Tuesday, November 3, 2009

About Mr. Bailey - a recent column

Terry Stephan

Changing Lanes:realcamping
A friend of mine, whom I now call Bubba, just acquired a camper. He was perusing new campers priced in the tens of thousands of dollars when another friend of his offered him a used camping trailer, free. He liked the ancient 24-foot Corsair right off the bat. It had two axles and while he joked about the color scheme, I think the orange, yellow and brown upholstery was what he liked best. In the original Corsair sales brochure, found in a drawer, a fashionably modern 70’s woman is pictured lounging in the camper in her neatly pressed camping slacks (I think they were bell-bottoms) and mohair sweater. She and her bouffant hair-doo look uncomfortable. I imagine her discomfort was due to the gaudy orange and yellow interior she had to model in, or the threat of being photographed in the other available color scheme, ‘Avocado’.

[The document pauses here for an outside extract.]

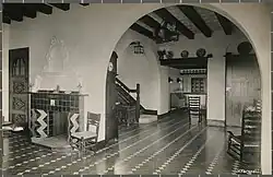 Rafael Masó también diseñó todo el interior del chalet, desde la distribución de las habitaciones hasta los muebles, puertas, pavimentos, techos…, aunque únicamente se tiene noticia de cómo eran el vestíbulo y el comedor. En estas dos estancias el suelo era de azulejos hidráulicos donde se alternaban líneas verticales claras con líneas más anchas de color oscuro. El techo se apoyaba en vigas de madera entre las cuales se intercalaban casetones decorados con un rombo. Con respecto al resto, destacaba el uso de la madera tanto en los muebles, ventanas y puertas como en otros detalles como por ejemplo en las paredes del vestíbulo (forradas con planchas de madera), en la barandilla de la escalera o en el reloj del recibidor. Los motivos decorativos más repetidos en los muebles fueron los rombos y los anillos torneados (muy típicos en los muebles de Masó) que seguían diferentes formas y ritmos de repetición. Masó también utilizó la cerámica verde y amarilla en el interior, en este caso en una de las chimeneas (la del comedor) donde los azulejos dibujaban líneas en zigzag. La chimenea del hall era de piedra moldurada y es muy posible que perteneciera a una masía.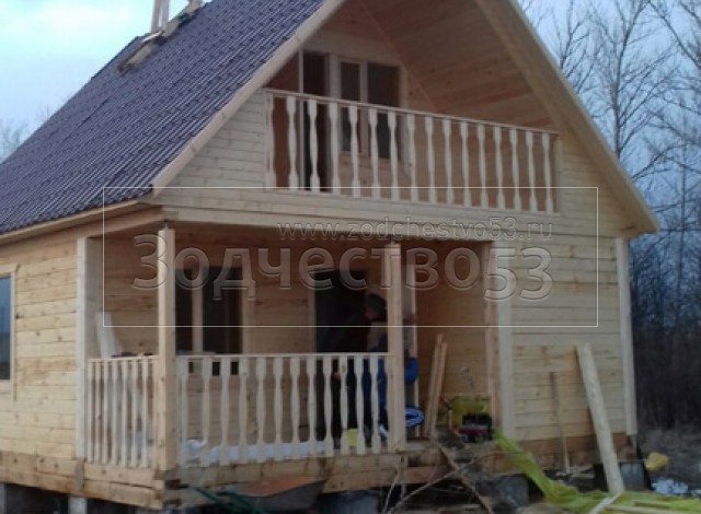 - Балкон открытый с установкой резных балясин подшит вагонкой по стропильной системе.

I was to meet Bubba at his friends’ house; my presence was requested to follow him in my car while he pulled the trailer to a shop for repair. The brakes and brake lights did not work and there were no turn signals. I didn’t mind following him and I would have suggested it if Bubba had not asked. I would rather follow him in my car as he pulled the trailer to the repair shop, than ride with him. It wasn’t a long drive but much of it was on a hilly and twisted section of old route 219 known locally as Nunweiler Hill.

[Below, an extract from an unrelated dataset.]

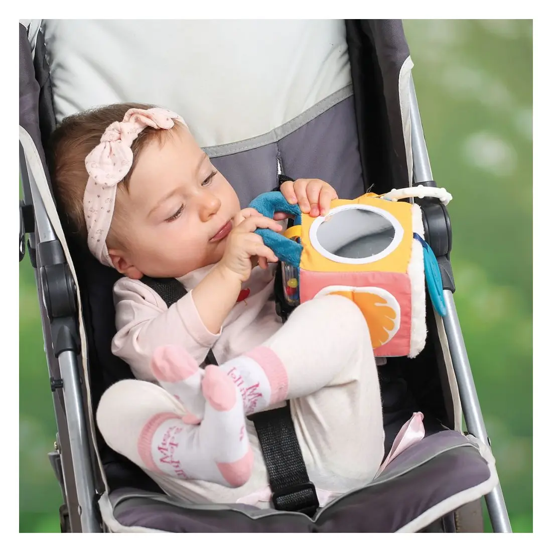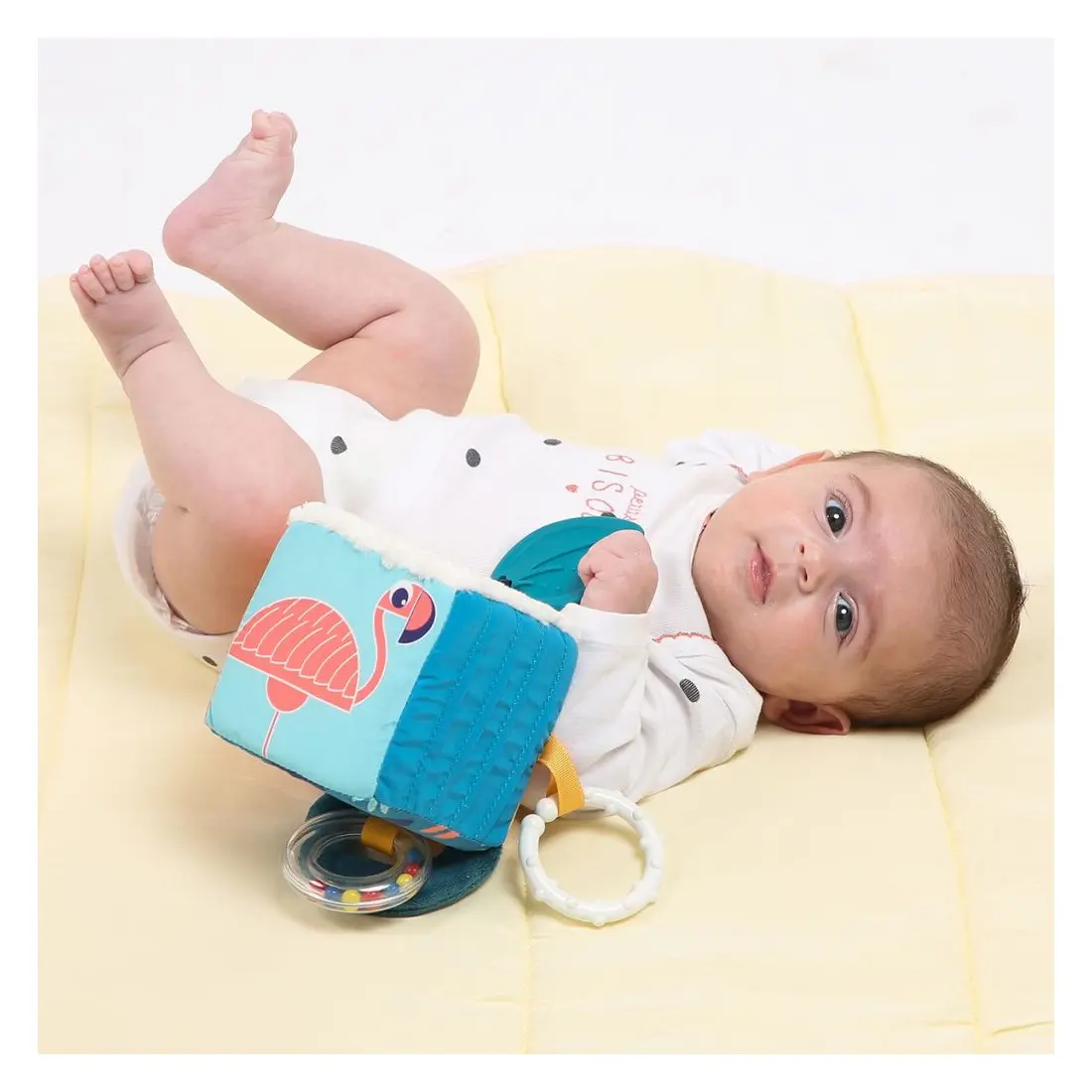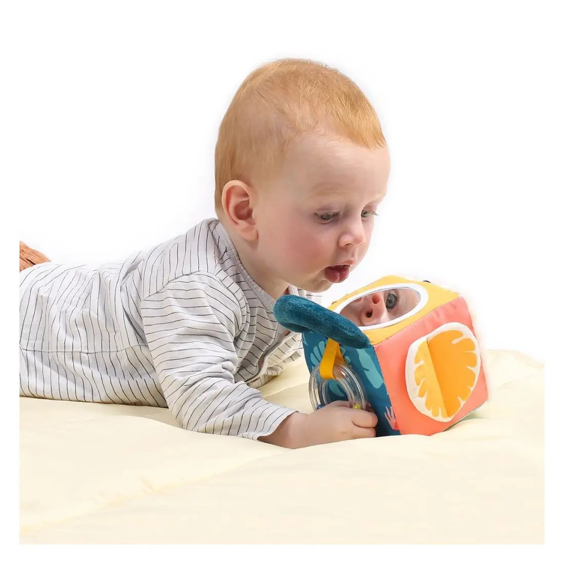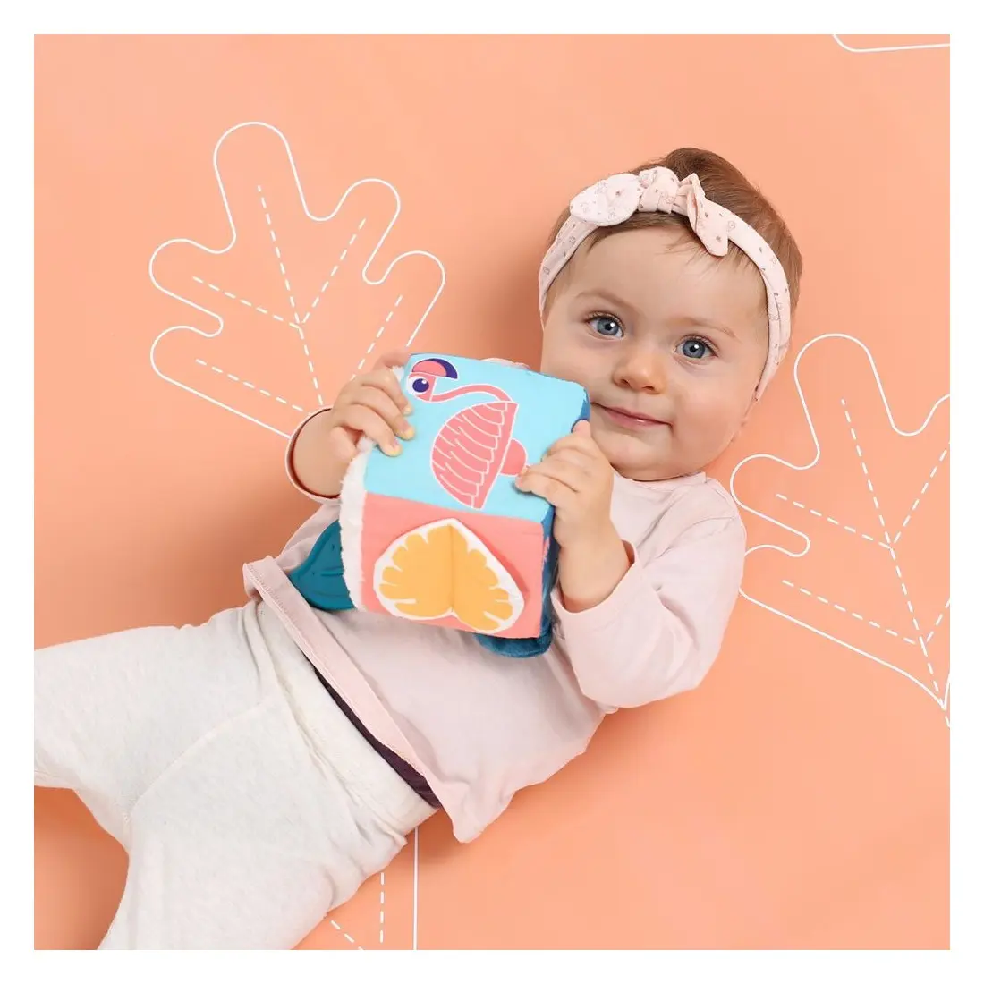 Sur les faces du cubes, bébé pourra s’admirer dans un petit miroir, caresser un joli tissu doux minky en vagues, gratter un tissu plissé, manipuler le papier bruissant de la feuille et découvrir le rigolo flamant rose.

As I drove to our meeting place, the ride took me back years, to a time when I traversed this same stretch of road as a young man. I was in the passenger seat of my 1962 Rambler convertible, dozing. My little brother David was driving with a learner’s permit. We shared a ride most of that summer and he drove, like any other 16 year old, whenever he could coerce someone to let him. Leaving home at 6 AM meant I was easily coerced; I spent my trip to work dozing rather than driving.
A quite string of mumbled expletives from David woke me from my slumber; the fright in his voice was unmistakable. The first thing I noticed, his knuckles, were white as he grasped the steering wheel. The second thing I noticed was one of our tires rolling out ahead of us on the right shoulder of the road, traveling by itself. It was supposed to be attached to the car we were riding in. The Rambler didn’t have a smooth ride to begin with - on three wheels, it was decidedly worse.
I grabbed the dashboard in front of me and offered verbal encouragement to David, mixed with my own expletives. In a lackluster end to our incident, David brought the old Rambler to a rest, on the remaining wheels and one brake drum.
With that experience in mind, I headed back over the road I’d just taken, falling in behind Bubba. I used my four-way flashers to warn drivers coming from behind our low speed procession not to run into us. I assumed we would travel a great deal slower than the speed limit. After all, the trailer hadn’t been on the road for a number of years. Brakes, brake lights, and turn signals weren’t working. When I assume things, I often get an abrupt education.
Bubba, or the tow-boy Mario Andretti, had a different plan, or maybe no plan, in either case I couldn’t legally keep up with him, without speeding, as he pulled the trailer. I shut off my four-ways. There was no sense calling attention to our high-speed convoy. I could imagine being stopped by the police and trying to explain that the reason I was speeding was because I was trying to catch up to a 34 year old camper being towed by a retired academic-want-to-be-race-driver.
The brakes and lights are fixed on Bubba’s camper. If you see a mid 70’s vintage RV with orange curtains rolling down the road, you might want to stay out of his way.